### Required action:
Nothing but the pictures should be dropped when the records are transcribed word for word.

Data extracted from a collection
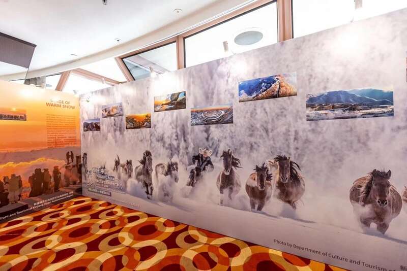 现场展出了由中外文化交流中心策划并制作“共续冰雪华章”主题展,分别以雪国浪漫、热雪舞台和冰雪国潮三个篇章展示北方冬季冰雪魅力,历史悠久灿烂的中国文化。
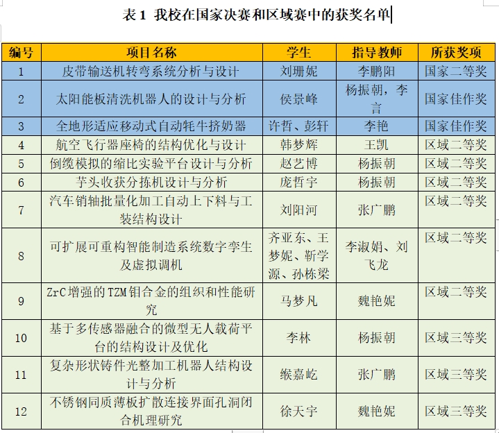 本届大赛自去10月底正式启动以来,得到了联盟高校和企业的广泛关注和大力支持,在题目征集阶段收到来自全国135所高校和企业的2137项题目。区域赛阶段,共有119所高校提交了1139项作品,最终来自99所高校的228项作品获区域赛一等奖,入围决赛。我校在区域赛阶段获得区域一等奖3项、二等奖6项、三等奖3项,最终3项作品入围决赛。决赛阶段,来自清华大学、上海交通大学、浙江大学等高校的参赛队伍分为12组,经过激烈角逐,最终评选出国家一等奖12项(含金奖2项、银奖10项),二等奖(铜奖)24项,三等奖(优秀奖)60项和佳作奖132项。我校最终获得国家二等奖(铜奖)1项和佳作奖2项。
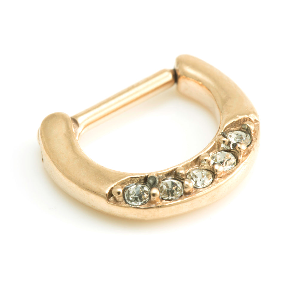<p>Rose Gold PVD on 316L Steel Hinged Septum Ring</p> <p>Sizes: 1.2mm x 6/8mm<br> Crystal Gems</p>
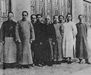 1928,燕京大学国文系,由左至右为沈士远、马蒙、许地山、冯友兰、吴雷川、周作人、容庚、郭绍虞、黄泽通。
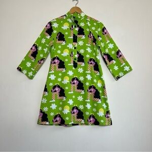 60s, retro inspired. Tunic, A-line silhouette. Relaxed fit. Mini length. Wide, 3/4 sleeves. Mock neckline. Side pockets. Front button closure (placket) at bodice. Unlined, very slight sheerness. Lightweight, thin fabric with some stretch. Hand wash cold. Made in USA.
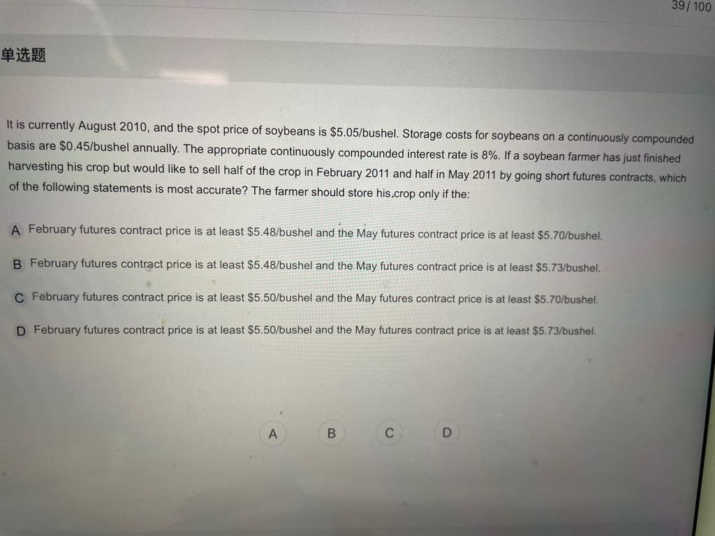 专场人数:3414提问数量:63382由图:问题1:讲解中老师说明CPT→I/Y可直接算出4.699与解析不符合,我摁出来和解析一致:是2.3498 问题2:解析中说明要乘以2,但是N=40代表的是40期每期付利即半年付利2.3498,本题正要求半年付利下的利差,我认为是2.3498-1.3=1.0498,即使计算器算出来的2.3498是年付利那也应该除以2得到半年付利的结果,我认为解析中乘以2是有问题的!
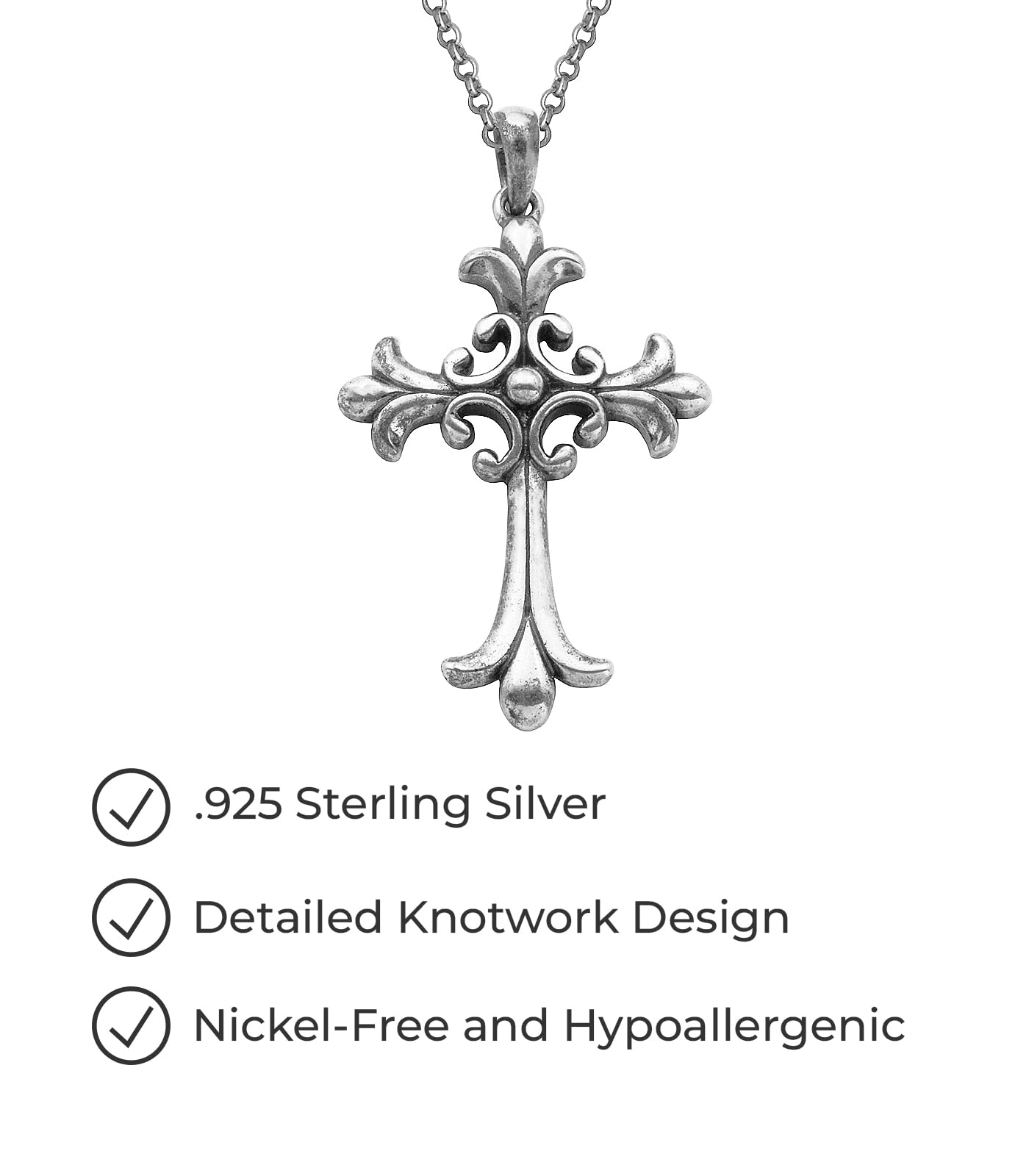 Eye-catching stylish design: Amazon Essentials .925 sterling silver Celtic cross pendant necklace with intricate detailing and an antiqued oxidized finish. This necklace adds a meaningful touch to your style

### Output:
 现场展出了由中外文化交流中心策划并制作“共续冰雪华章”主题展,分别以雪国浪漫、热雪舞台和冰雪国潮三个篇章展示北方冬季冰雪魅力,历史悠久灿烂的中国文化。
 本届大赛自去10月底正式启动以来,得到了联盟高校和企业的广泛关注和大力支持,在题目征集阶段收到来自全国135所高校和企业的2137项题目。区域赛阶段,共有119所高校提交了1139项作品,最终来自99所高校的228项作品获区域赛一等奖,入围决赛。我校在区域赛阶段获得区域一等奖3项、二等奖6项、三等奖3项,最终3项作品入围决赛。决赛阶段,来自清华大学、上海交通大学、浙江大学等高校的参赛队伍分为12组,经过激烈角逐,最终评选出国家一等奖12项(含金奖2项、银奖10项),二等奖(铜奖)24项,三等奖(优秀奖)60项和佳作奖132项。我校最终获得国家二等奖(铜奖)1项和佳作奖2项。
<p>Rose Gold PVD on 316L Steel Hinged Septum Ring</p> <p>Sizes: 1.2mm x 6/8mm<br> Crystal Gems</p>
 1928,燕京大学国文系,由左至右为沈士远、马蒙、许地山、冯友兰、吴雷川、周作人、容庚、郭绍虞、黄泽通。
 60s, retro inspired. Tunic, A-line silhouette. Relaxed fit. Mini length. Wide, 3/4 sleeves. Mock neckline. Side pockets. Front button closure (placket) at bodice. Unlined, very slight sheerness. Lightweight, thin fabric with some stretch. Hand wash cold. Made in USA.
 专场人数:3414提问数量:63382由图:问题1:讲解中老师说明CPT→I/Y可直接算出4.699与解析不符合,我摁出来和解析一致:是2.3498 问题2:解析中说明要乘以2,但是N=40代表的是40期每期付利即半年付利2.3498,本题正要求半年付利下的利差,我认为是2.3498-1.3=1.0498,即使计算器算出来的2.3498是年付利那也应该除以2得到半年付利的结果,我认为解析中乘以2是有问题的!
 Eye-catching stylish design: Amazon Essentials .925 sterling silver Celtic cross pendant necklace with intricate detailing and an antiqued oxidized finish. This necklace adds a meaningful touch to your style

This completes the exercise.